Sacred Places

Sacred_Anzo-Borrego
Sacred_Anzo-Borrego
Sacred_Palms
Sacred_Palms

Never use a palm frond to pull yourself up. I learned this the hard way when I was 9 or 10 years old. I had become separated from my dad and siblings and, since they were up ahead, I needed to get up a large step on my own. Turns out palm fronds are sharply barbed and instead of lifting myself up I managed to slice my own palm as it slid down the frond. To be perfectly honest I don't remember much of what happened after that. Such are my memories of the great many hikes I have done in Palm Canyon. Palm Canyon oasis is located in Anza-Borrego State Park, which is in the Colorado Desert, which in turn is part of the greater Sonoran Desert. The California Fan Palm is rare, found only in a handful of canyons in the Mojave and Sonoran deserts. The only native palm in western North America was a source of food Native Americans and its berries are still for Orioles and Coyotes. The dead fronds that fall about the trunk like a layered hula skirt protect the trunk and create a protective roost for small birds.

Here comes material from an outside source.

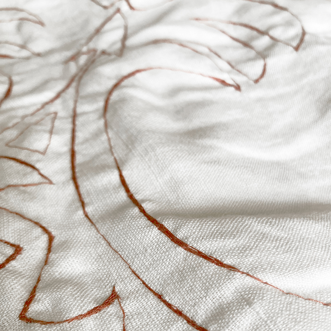 Il filo rosso ne segue i contorni con ostinazione leggera, come a voler trattenere una memoria geometrica, fatta di foglie, punte, corolle astratte. La trasformazione di un frammento del passato in qualcosa da toccare, abitare, riprendere tra le mani.

Anza-Borrego was the former delta for the Colorado River and it's common to find fossilized sea creatures. What used to be much less common was a glimpse of the Desert Bighorn Sheep which frequent the oasis. Borrego is the Spanish word for sheep. My dad would often bring binoculars and would scan the hillsides looking for the sheep. After so many years of no sheep sighting I just gave up looking. A couple of years ago after Christmas I, along with some family members, made the trek to the canyon. The man at the entrance booth enthusiastically told us to look out for the sheep as they'd been spotted many times recently. We more or less brushed it off since we'd had no luck in the past. We hadn't walked more than two minutes when seven ewes and one ram walked 20 feet in front of us as they crossed the trail. My mom, niece, nephews and cousin stood very still while my sister grabbed her phone to video them go by. Incredible is a bit of an understatement. We couldn't believe our eyes that after all these years we finally saw them and so close! Turns out the video didn't take because my sister's phone had a full memory. We laughed that no one would believe us.

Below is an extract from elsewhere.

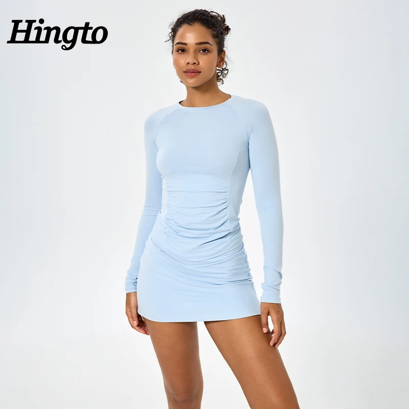 YISHENHON Women's Outdoor Running Tennis Skirt Anti-slip A-Line Skirt with Stand Collar and One Piece Dress Cloud Sense Design

The sheep populations are a constant struggle. When the populations seem to recover mountain lions eat well and can bring down the numbers pretty quickly. Worse than that is their susceptibility to illnesses from domestic sheep which are often allowed to graze on BLM land near Bighorn Sheep habitat. Because they have no natural resistance to these old world diseases they are much more lethal to the Bighorns, who often die within days of contracting the illnesses. There are some steps to trying to keep them separate and Bighorn introductions back into native habitats often have excellent results.

Sacred_Ocotillo
Sacred_Ocotillo

Palm Canyon was such a wonderland and sacred place for my family that we never really explored Anza-Borrego beyond its walls. How could you not be drawn to the cool pools of water in the heat of summer? In 2004 a flash flood completely reshaped the canyon trail and the oasis. In my youth there was a deep pool a little ways before the Palm Oasis that one only wanted to swim in on the hottest of days. The large boulders that created the pool blocked most of the sun and the water always stayed chilly. The Palm Canyon of my childhood has been scoured and filled in and is gone forever but the specialness of the place remains.

Sacred_Uplift
Sacred_Uplift

Earlier this month was my birthday and even though it's a bit of a drive from San Diego Tim, my mother and I made the trek out there. Due to time constraints we didn't make it to the Oasis but that didn't matter much. The Colorado Desert is a place worth the drive for just a few hours of enjoyment. Palm Canyon is a place of refuge, a soul nourishing place that even after my parents divorce they continued to individually still take us there. Over the years we've brought new family members and old friends to this beloved place. Early in my relationship with Tim we camped there with my siblings when my niece was just nine months old. My brother dutifully carried her on his back most of the hike. To go with her again at 5 years old and help her over big rocks and watch her girly shoes light up and sparkle as she hopped, jumped and climbed right behind her older cousins gave me great joy. Someday soon I'll get to see her baby brother most likely leading the pack with all his energy to spare and I hope in the not to far future to bring my in-laws there to share my family's special place they way they've shared theirs with me. After seeing and experiencing so many wonderful places this year it was nice to come back to see the place where my love of the outdoors was instilled.